Theoretically, it should not be possible to hack your server this way, since your server should not run any code in PNG files. Unfortunately, it is really easy to misconfigure nginx to do so. The correct solution to this is to configure nginx correctly, of course. You could attempt to do some filtering (e.g. detect <?php, but that risks false positives, i.e. legitimate images being rejected). I would maybe put a note into the documentation that people installing your software on nginx should really follow the instructions provided with the server and check for this issue, and wouldn't worry about it further. Note that it is possible to create a perfectly valid PNG file that does contain PHP code, so simply checking that the file is a valid image does not help here.

Now, to attacks against clients. Your server will (hopefully) serve the files with the correct MIME type.
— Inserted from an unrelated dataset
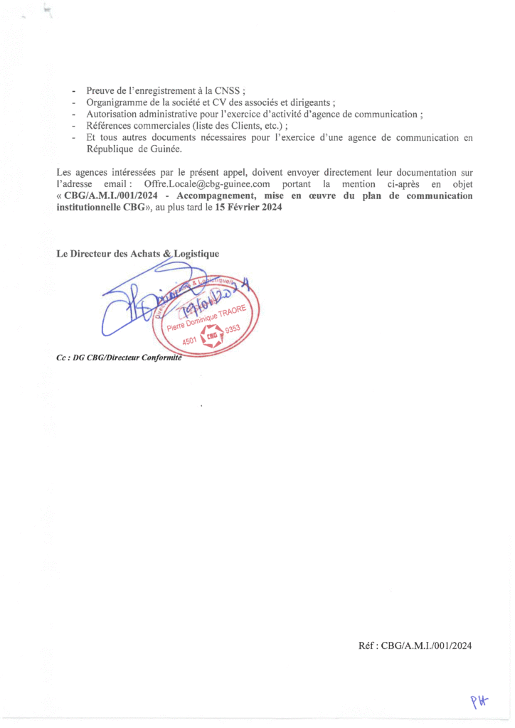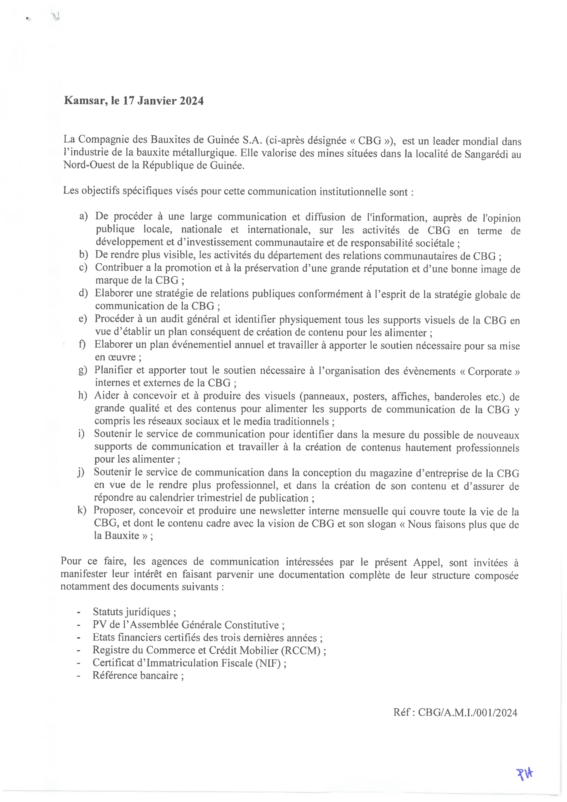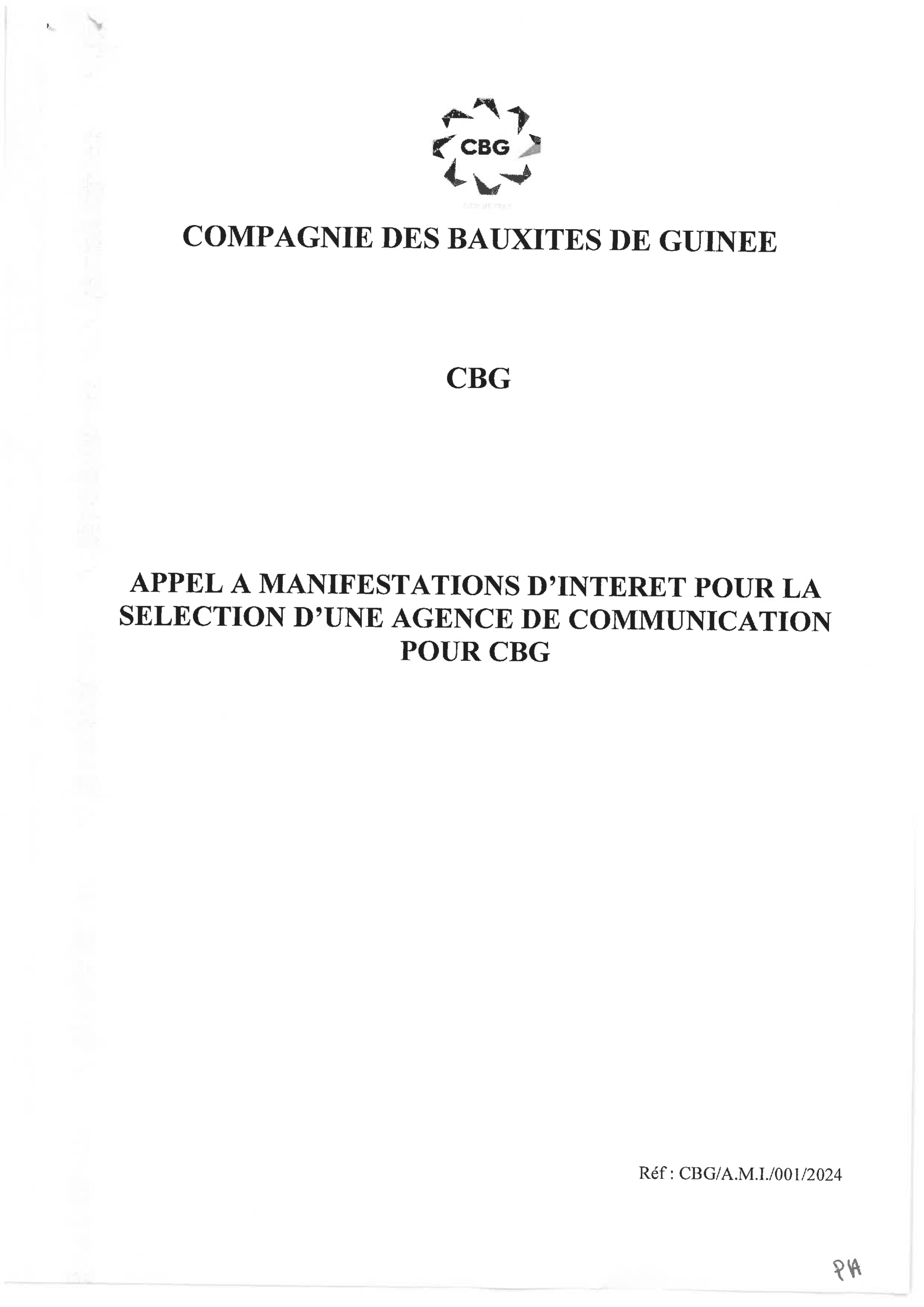 Appels d'offres Appel à manifestations dâintérêt pour la sélection dâune agence de communication pour la CBG Par Sékou Mohamed SAVANE - 22 janvier 2024 0 205 FacebookTwitterPinterestWhatsApp

This should keep browsers from running it as code. Unfortunately, certain browsers (also known as "Internet Explorer") are dumb and try to guess the file type anyways. This will not hurt your server directly, but can cause user accounts of users using these browsers to get compromised. Thus, you may want to check the file type. If you can, serve all files with nosniff headers (e.g. by setting a corresponding htaccess or by serving them through fpassthru after setting the headers).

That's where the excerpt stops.